In the first embodiment, the transport guide member 7
8, a large number of ribs 78a extending along the transport direction P1 are provided, so that the printing paper 45 and the transport guide member 78 contact only through the rib 78a. Transport resistance can be reduced.

In the first embodiment, the portion of the belt hooking member 61a where the belt 62 is not hooked is the large diameter portion 61c with respect to the belt hooking member 61a on the most downstream side of the conveyance where the belt 62 is hooked. Therefore, it is possible to prevent the printing paper 45 from being deformed in a wavy shape even at the position of the belt hanging member 61a at the most downstream side.
It is possible to effectively prevent the occurrence of wavy deformation in the first orthogonal direction P2, and to more reliably prevent the occurrence of paper wrinkles.

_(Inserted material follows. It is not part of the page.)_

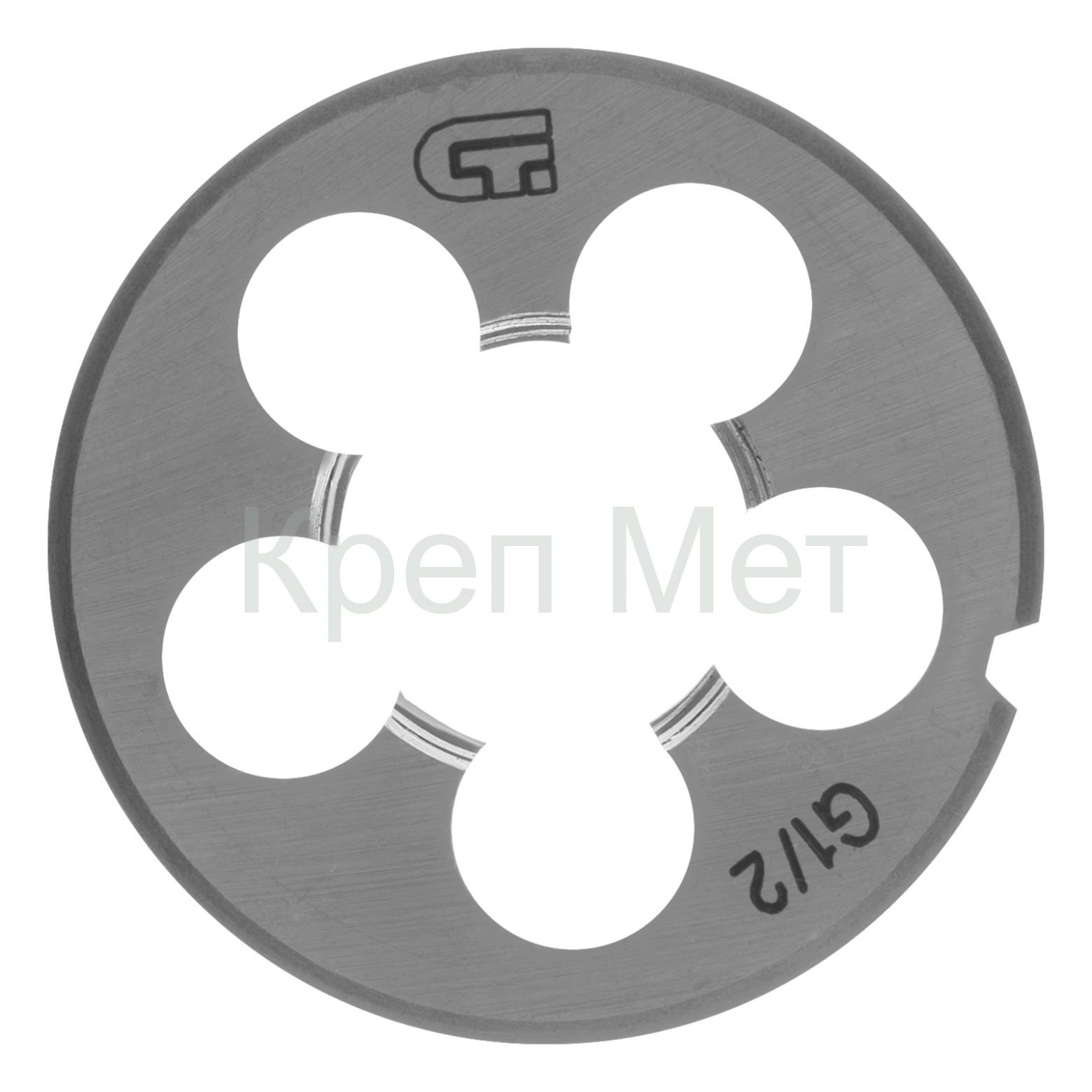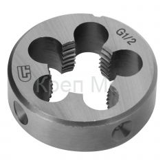 - Надежность и долговечность — плашка изготовлена из инструментальной стали 9XC, твердость режущих кромок составляет 60 HRC в соответствии с ГОСТом.

4 to 6 show a second embodiment of the present invention. FIG. 4 is a plan view of the upstream belt transport mechanism, FIG. 5 is a front view of the upstream belt transport mechanism, and FIG. It is sectional drawing which follows the -B line. In the second embodiment, the first
The difference from the embodiment is that the upstream belt transport mechanism 7
Since only the configuration of A is the same and the other configuration is the same, the description of the same configuration will be omitted. Hereinafter, portions of the upstream transport mechanism 7A that are different from those of the first embodiment will be described.

In FIGS. 4 to 6, the belt 62A of the upstream belt transport mechanism 7A is configured as a single belt instead of a plurality of belts as in the first embodiment. The belt 62A has a width that is at least equal to the entire width of the printing paper 45 in the direction P2 orthogonal to the transport direction P1. Therefore, unlike the first embodiment, the transport guide member provided on the transport surface side of the belt other than the belt is not provided. In the second embodiment, the printing paper 45 that can be used is up to A3, so the belt 62
The width of A is set to be equal to or larger than the width of A3 paper. In the belt 62A, an area provided with a large number of small holes 62a and an area not provided with the small holes 62a are alternately arranged, and a suction box 63 corresponding to the area provided with the small holes 62a is provided.
Are provided with a large number of small holes 63a, and the suction force of the suction fan 64 acts on the printing paper 45 through the small holes 62a and 63a.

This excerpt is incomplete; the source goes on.